Kumar’s lab developed a method to generate human immune systems in mice to create “humanized mice”. These mice could provide a place to test possible HIV remedies created by other laboratories in the collaborative. These potential applications led to the recruitment of Kumar for the project.

“Scientists from Gladstone, Scripps and Rockefeller have set up a collaborative project to use CRISPR and similar gene therapy mechanisms to cure HIV,” Kumar said. “They found my lab to be a great platform to integrate because we can test their molecules. We can use our delivery systems, and we can basically come together to develop the next generation of biologics that can potentially be used to target the provirus, the virus that is in genetic material. “

Kumar will also participate in other aspects of the program. The HOPE Collaboratory has adopted the motto “block, lock and cut” to describe its approach to finding a cure for HIV.

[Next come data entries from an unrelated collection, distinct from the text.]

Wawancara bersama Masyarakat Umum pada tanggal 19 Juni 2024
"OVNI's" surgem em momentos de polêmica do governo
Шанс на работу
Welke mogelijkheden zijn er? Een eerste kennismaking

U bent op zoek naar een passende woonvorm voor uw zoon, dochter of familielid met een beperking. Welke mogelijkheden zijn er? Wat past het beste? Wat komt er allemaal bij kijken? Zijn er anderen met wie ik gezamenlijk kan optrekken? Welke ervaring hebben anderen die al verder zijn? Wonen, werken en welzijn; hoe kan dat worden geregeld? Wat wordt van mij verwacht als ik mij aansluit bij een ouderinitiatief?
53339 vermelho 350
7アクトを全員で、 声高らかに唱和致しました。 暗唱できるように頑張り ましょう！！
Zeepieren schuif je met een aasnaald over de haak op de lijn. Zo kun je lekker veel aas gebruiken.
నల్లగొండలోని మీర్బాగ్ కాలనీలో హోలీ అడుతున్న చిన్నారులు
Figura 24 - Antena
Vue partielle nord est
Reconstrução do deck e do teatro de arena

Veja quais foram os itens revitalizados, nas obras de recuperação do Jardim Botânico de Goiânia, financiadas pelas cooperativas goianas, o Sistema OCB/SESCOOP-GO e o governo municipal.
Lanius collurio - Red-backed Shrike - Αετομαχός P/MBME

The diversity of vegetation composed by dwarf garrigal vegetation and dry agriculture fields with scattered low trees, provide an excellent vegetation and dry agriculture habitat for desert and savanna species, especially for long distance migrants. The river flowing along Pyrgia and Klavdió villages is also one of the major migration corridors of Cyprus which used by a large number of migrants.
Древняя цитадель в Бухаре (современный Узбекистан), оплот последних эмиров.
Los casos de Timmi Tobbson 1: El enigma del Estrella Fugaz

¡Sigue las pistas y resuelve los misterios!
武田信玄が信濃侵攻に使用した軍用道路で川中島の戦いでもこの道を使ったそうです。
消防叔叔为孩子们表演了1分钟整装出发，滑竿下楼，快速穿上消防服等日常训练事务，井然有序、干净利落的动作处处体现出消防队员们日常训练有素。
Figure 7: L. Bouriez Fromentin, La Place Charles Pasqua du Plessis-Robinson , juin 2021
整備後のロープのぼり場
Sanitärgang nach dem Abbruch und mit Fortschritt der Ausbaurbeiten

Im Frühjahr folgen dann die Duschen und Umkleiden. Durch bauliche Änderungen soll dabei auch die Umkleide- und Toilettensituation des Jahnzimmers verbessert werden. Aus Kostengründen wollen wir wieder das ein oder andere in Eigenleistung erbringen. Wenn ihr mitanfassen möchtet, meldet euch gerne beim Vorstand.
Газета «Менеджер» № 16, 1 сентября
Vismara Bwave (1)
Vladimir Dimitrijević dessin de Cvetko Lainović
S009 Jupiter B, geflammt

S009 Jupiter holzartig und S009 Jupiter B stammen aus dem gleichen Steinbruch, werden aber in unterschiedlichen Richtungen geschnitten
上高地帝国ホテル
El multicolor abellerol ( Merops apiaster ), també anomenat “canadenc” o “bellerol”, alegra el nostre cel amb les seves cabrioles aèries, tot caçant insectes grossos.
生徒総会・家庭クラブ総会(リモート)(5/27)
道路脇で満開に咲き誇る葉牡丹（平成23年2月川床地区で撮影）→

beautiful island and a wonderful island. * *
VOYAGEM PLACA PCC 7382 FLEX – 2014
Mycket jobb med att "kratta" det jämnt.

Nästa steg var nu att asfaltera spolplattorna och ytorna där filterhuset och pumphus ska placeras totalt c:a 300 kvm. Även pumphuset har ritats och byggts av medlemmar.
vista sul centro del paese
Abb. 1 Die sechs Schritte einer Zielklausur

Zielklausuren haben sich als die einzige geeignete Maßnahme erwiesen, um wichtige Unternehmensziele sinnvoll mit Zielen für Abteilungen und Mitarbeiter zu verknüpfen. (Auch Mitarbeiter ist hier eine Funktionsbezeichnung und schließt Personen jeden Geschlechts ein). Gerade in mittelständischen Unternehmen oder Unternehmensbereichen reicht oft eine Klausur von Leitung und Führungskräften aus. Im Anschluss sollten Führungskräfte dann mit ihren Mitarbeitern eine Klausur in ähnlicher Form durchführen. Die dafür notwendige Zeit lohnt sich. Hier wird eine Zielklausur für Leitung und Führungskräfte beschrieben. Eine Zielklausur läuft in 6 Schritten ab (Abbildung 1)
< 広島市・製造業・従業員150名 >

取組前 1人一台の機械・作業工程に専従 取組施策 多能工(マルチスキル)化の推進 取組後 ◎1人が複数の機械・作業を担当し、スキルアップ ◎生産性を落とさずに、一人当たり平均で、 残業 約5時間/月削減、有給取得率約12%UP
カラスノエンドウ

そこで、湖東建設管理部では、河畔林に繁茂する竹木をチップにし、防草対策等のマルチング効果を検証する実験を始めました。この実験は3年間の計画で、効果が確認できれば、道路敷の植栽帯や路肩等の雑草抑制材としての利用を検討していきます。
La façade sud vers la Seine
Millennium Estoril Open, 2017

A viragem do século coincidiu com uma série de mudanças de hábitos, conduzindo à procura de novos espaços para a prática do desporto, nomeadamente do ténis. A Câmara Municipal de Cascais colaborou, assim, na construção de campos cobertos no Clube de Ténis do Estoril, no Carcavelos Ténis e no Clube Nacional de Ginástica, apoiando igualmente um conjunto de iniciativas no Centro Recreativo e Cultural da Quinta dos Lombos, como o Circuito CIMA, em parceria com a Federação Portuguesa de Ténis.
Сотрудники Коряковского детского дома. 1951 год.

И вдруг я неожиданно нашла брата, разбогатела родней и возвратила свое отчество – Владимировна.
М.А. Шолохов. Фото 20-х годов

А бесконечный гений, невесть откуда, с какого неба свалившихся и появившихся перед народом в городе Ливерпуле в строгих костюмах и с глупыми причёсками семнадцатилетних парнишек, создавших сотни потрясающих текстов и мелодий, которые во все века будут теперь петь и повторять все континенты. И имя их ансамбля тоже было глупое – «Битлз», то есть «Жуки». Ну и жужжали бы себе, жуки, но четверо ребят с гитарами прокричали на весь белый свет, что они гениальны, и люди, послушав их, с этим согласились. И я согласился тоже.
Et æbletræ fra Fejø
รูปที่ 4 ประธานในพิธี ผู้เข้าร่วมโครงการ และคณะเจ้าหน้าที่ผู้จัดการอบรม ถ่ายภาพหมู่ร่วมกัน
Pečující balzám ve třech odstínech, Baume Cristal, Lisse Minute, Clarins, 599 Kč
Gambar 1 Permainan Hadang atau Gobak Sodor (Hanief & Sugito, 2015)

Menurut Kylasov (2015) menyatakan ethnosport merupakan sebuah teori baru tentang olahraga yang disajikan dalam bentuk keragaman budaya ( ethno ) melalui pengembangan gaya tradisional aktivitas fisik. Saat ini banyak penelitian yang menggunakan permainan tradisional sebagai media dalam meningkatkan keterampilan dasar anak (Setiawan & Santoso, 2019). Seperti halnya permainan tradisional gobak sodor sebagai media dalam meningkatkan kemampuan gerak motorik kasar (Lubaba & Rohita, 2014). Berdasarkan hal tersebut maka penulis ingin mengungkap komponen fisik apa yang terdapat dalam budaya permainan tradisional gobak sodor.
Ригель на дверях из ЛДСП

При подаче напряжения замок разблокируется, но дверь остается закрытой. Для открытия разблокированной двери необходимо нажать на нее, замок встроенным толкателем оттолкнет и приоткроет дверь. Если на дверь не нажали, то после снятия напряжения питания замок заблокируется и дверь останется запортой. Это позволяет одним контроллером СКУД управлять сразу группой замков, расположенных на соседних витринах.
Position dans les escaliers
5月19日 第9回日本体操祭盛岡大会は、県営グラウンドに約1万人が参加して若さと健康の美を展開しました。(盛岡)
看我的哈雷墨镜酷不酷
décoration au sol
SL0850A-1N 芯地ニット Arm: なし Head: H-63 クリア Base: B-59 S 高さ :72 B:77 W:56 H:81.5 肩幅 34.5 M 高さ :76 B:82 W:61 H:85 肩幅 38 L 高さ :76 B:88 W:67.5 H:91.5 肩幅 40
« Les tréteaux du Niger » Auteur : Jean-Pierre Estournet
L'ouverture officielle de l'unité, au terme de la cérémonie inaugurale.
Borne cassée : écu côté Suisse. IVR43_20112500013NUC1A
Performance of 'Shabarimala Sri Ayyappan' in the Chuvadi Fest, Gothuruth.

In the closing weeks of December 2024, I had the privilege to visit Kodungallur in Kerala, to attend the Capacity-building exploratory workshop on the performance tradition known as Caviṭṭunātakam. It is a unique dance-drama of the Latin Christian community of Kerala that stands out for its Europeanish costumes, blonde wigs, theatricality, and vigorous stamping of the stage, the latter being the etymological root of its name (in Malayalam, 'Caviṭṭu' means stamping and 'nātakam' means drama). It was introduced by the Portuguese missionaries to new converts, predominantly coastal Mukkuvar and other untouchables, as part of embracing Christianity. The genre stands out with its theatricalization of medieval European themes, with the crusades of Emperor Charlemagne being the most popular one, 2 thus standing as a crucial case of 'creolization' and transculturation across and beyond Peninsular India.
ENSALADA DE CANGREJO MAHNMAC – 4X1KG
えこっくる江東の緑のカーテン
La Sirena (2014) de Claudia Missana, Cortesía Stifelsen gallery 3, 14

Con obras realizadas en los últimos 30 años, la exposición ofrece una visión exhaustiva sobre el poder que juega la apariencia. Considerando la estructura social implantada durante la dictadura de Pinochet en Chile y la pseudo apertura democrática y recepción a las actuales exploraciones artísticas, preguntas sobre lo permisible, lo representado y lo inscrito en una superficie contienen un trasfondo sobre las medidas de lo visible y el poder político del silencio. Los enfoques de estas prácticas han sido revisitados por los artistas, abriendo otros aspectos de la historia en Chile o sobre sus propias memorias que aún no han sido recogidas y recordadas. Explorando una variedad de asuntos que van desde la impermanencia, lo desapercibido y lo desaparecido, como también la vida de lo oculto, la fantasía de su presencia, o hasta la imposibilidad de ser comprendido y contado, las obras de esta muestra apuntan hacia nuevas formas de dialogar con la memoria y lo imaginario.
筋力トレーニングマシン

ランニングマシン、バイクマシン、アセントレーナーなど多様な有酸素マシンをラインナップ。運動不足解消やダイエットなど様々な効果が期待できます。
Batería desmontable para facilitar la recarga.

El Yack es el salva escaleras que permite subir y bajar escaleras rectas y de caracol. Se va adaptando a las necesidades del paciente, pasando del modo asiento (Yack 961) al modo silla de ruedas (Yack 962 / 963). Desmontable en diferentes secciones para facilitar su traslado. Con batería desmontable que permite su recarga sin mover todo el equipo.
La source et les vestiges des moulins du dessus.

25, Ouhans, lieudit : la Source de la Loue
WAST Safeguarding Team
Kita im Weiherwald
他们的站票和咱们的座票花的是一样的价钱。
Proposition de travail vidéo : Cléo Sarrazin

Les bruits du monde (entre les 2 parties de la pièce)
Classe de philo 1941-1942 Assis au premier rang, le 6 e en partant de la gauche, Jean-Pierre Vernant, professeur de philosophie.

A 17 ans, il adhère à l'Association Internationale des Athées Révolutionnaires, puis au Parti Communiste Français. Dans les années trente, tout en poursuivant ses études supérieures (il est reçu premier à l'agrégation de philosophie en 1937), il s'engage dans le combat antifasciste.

The objective is to “block” the virus by preventing it from replicating and then “lock” the virus in this silent stage so that it cannot resume its activity. The last step is to “excise” it from the body with strategies developed by Kumar’s lab using CRISPRs, molecules used to modify the genes of organisms.

“[Kumar] is truly the one who plays a decisive role in spearheading this line of research and is one of the leading authorities in the modification and use of gene therapies to fight HIV, ”said Ott.

Valente also stressed the importance of Kumar’s contribution, saying that she is “an incredible researcher” and that she already has many useful tools for this type of research in her laboratory, such as humanized mice and the CRISPR technology.

About 37.9 million people suffered from HIV in 2020, according to HIV.gov.